Coding respondent occupation is one of the most challenging aspects of survey data collection. Traditionally performed manually by office coders post-interview, previous research has acknowledged the advantages of coding occupation during the interview, including reducing costs, processing time and coding uncertainties that are more difficult to address post-interview. However, a number of concerns have been raised as well, including the potential for interviewer effects, the challenge of implementing the coding system in a web survey, in which respondents perform the coding procedure themselves, or the feasibility of implementing the same standardized coding system in a mixed-mode self- and interviewer-administered survey.

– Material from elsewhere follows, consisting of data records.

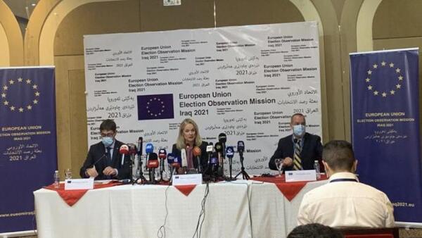 وأوضحت أن "بعثة الاتحاد الأوروبي لرصد الانتخابات موجودة هنا بناء على دعوة من المفوضية العليا المستقلة للانتخابات في العراق. إن تفويضنا هو رصد العملية وتقديم تقرير عنها".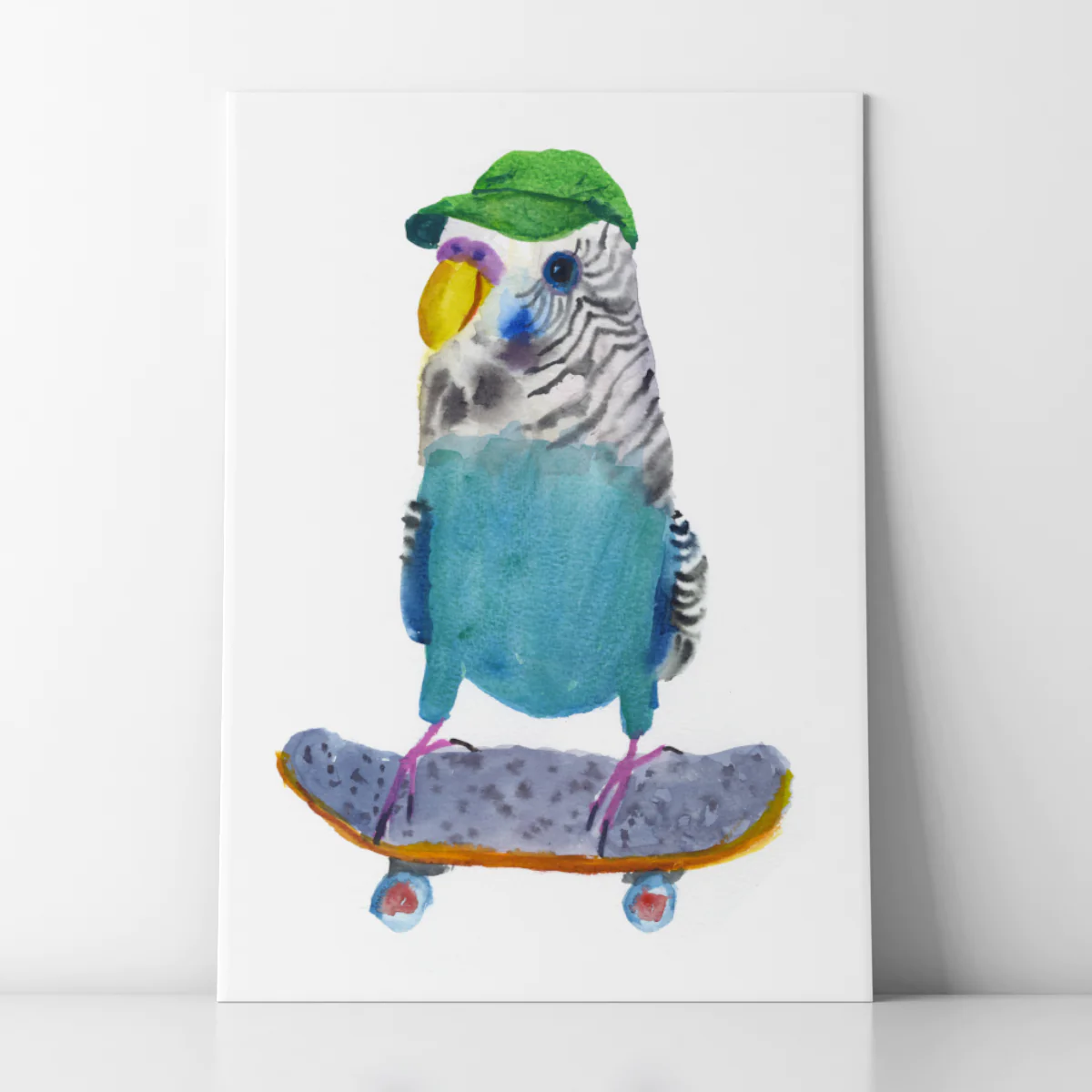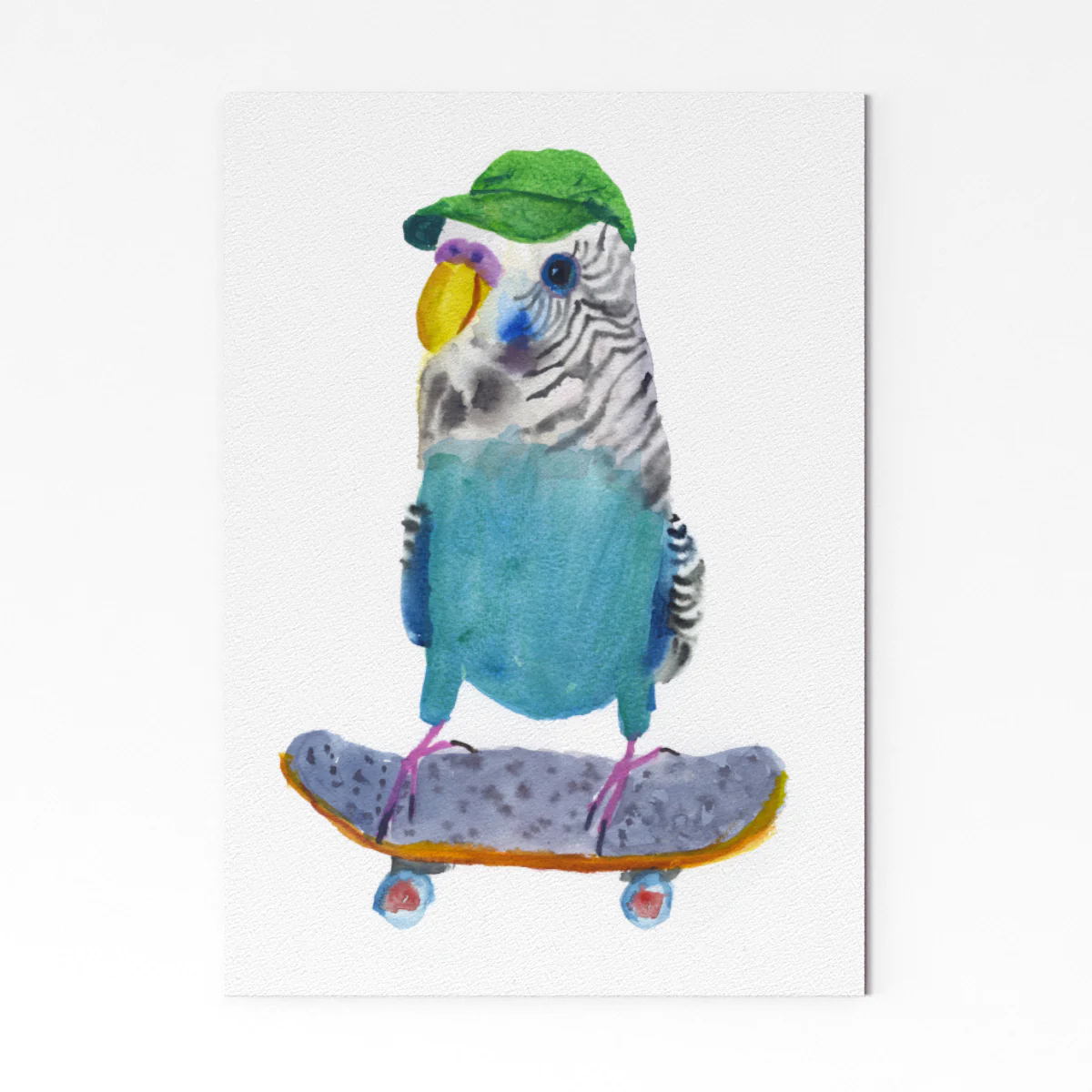 This lovely Skate Budgie A4 Art Print is by independent artist Rosie Webb. Rosie is a watercolour artist who creates her paintings in a loose and expressive way that incorporates a lightness of touch with humour. The result is lovely quirky and charming animal prints that are perfect for brightening up the home.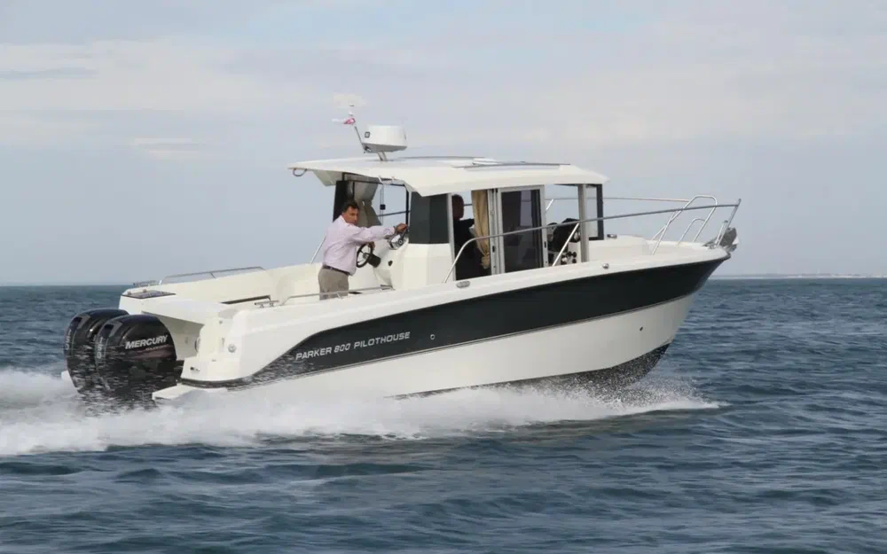 Conçus sur le meme coque que le le Parker 800 Weekend,le Parker 800 Pilothouse hérite de ces excellentes qualités de navigation. Cependant la coque a été modifié afin de recevoir une double motorisation qui conviendras au pecheur les plus aguerris.

This study sheds light on these issues by presenting an evaluation of a new occupation coding method administered during the interview in a large-scale sequential mixed-mode (web, telephone, face-to-face) cohort study of young adults in the UK. Specifically, we assess the take-up rates of this new coding method across the different modes and report on several other performance measures thought to impact the quality of the collected occupation data. Furthermore, we identify factors that affect the coding of occupation during the interview, including interviewer effects. The results carry several implications for survey practice and directions for future research.

Suggested Citation

  • Peycheva Darina N. & Calderwood Lisa & Sakshaug Joseph W., 2021. "Occupation Coding During the Interview in a Web-First Sequential Mixed-Mode Survey," Journal of Official Statistics, Sciendo, vol. 37(4), pages 981-1007, December.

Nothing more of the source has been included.